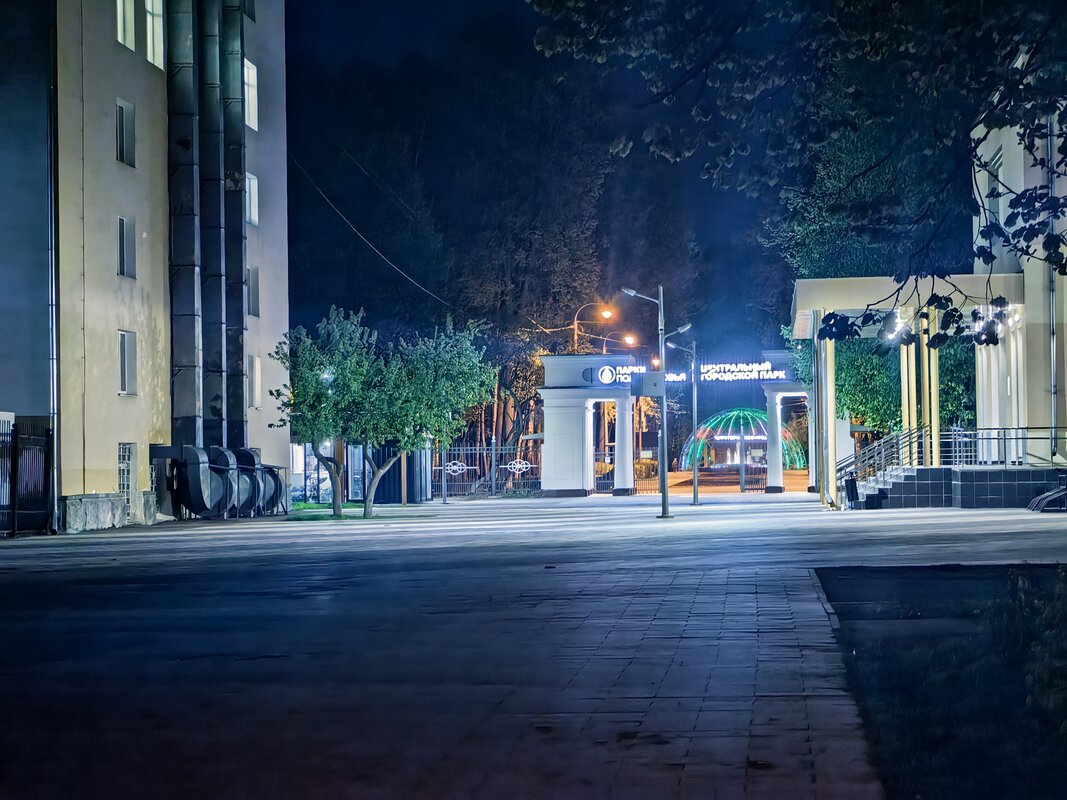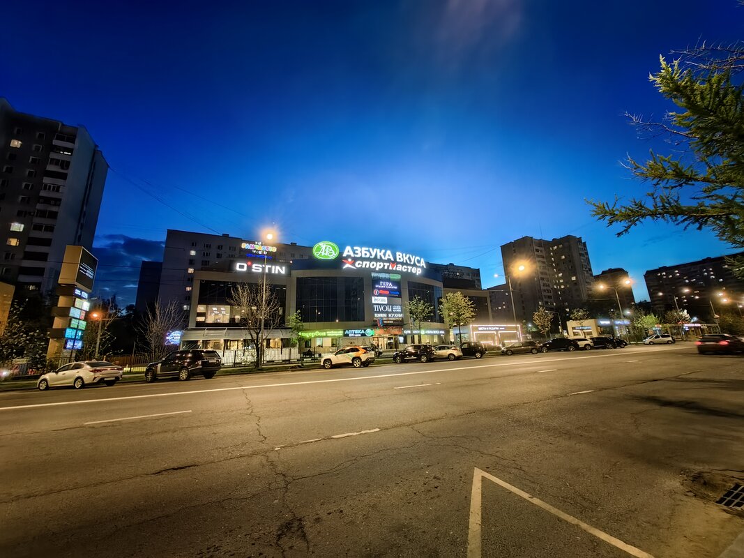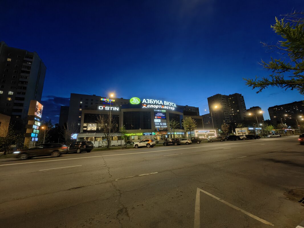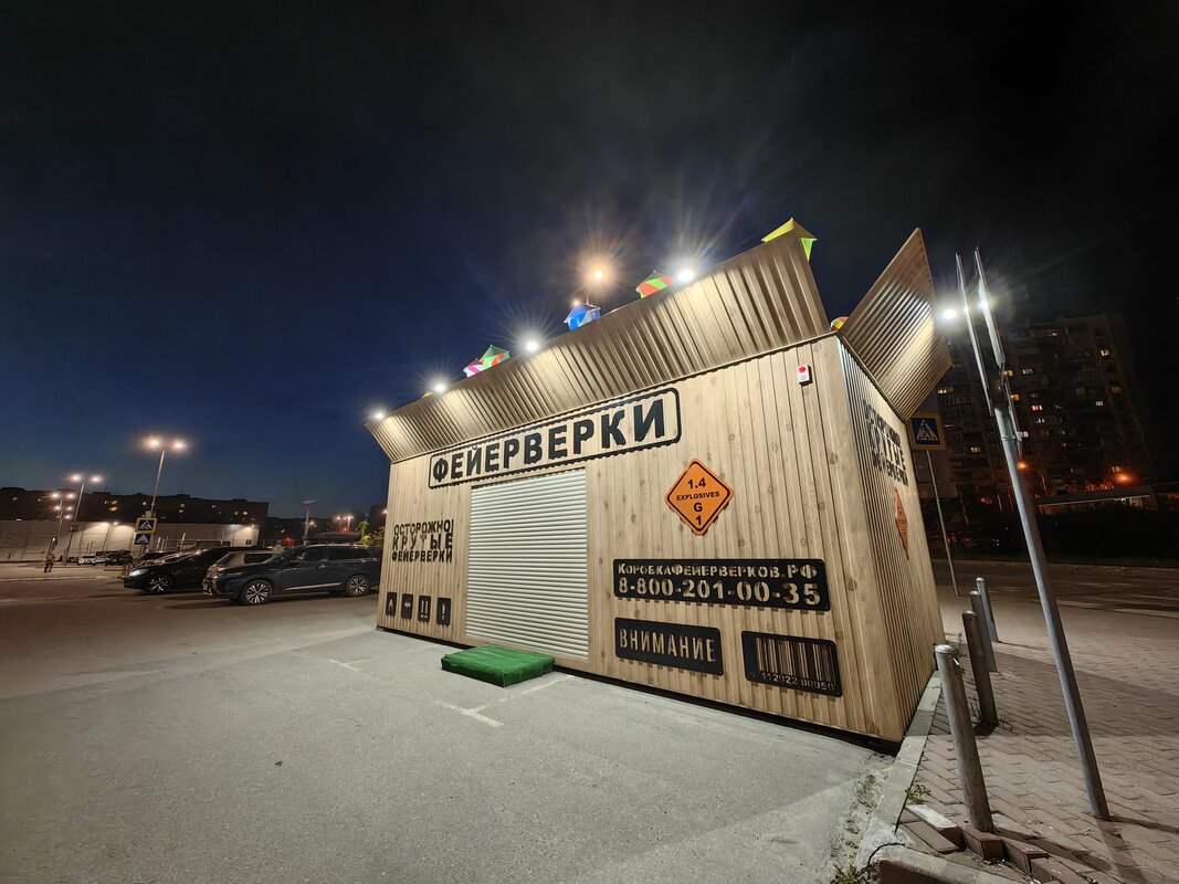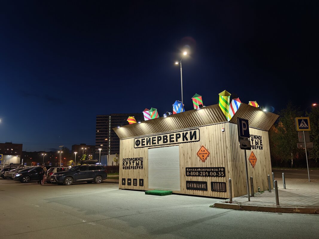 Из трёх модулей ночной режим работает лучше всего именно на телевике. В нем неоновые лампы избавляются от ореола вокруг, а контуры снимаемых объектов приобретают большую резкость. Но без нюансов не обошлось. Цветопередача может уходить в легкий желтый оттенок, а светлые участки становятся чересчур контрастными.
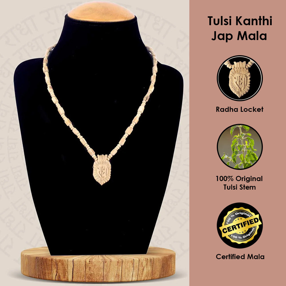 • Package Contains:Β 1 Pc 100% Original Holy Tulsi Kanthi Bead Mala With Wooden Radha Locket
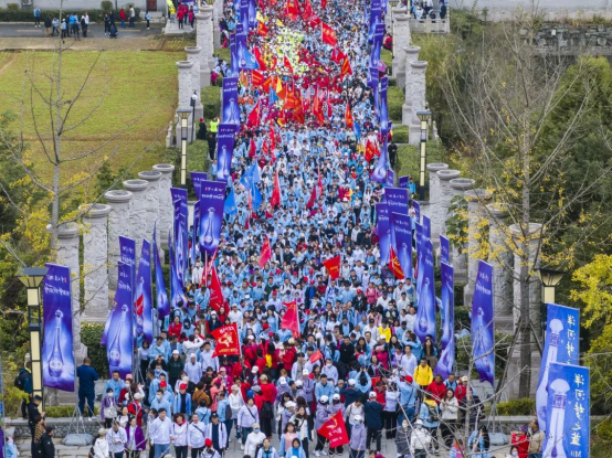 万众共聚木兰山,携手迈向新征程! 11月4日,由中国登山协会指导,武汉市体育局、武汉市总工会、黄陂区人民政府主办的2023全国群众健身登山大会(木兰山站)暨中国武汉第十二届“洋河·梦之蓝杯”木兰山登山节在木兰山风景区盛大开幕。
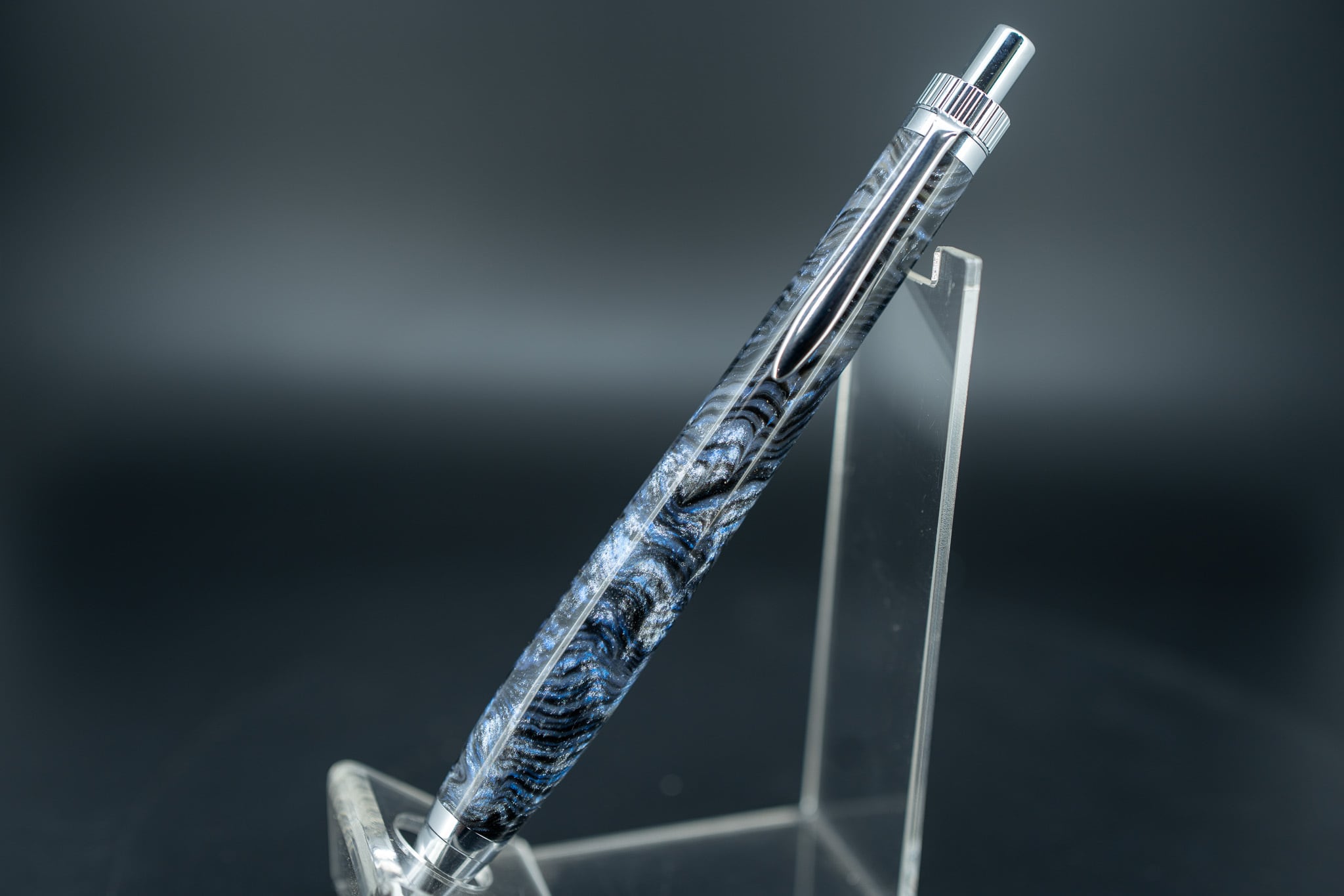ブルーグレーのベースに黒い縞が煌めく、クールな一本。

━━━━

Description of the task: What you return should be only the lines from the line with "Wooden Radha Locket" through the last line of the listing above, exactly, both ends included, pictures excluded.

Reply:
 • Package Contains:Β 1 Pc 100% Original Holy Tulsi Kanthi Bead Mala With Wooden Radha Locket
 万众共聚木兰山,携手迈向新征程! 11月4日,由中国登山协会指导,武汉市体育局、武汉市总工会、黄陂区人民政府主办的2023全国群众健身登山大会(木兰山站)暨中国武汉第十二届“洋河·梦之蓝杯”木兰山登山节在木兰山风景区盛大开幕。
ブルーグレーのベースに黒い縞が煌めく、クールな一本。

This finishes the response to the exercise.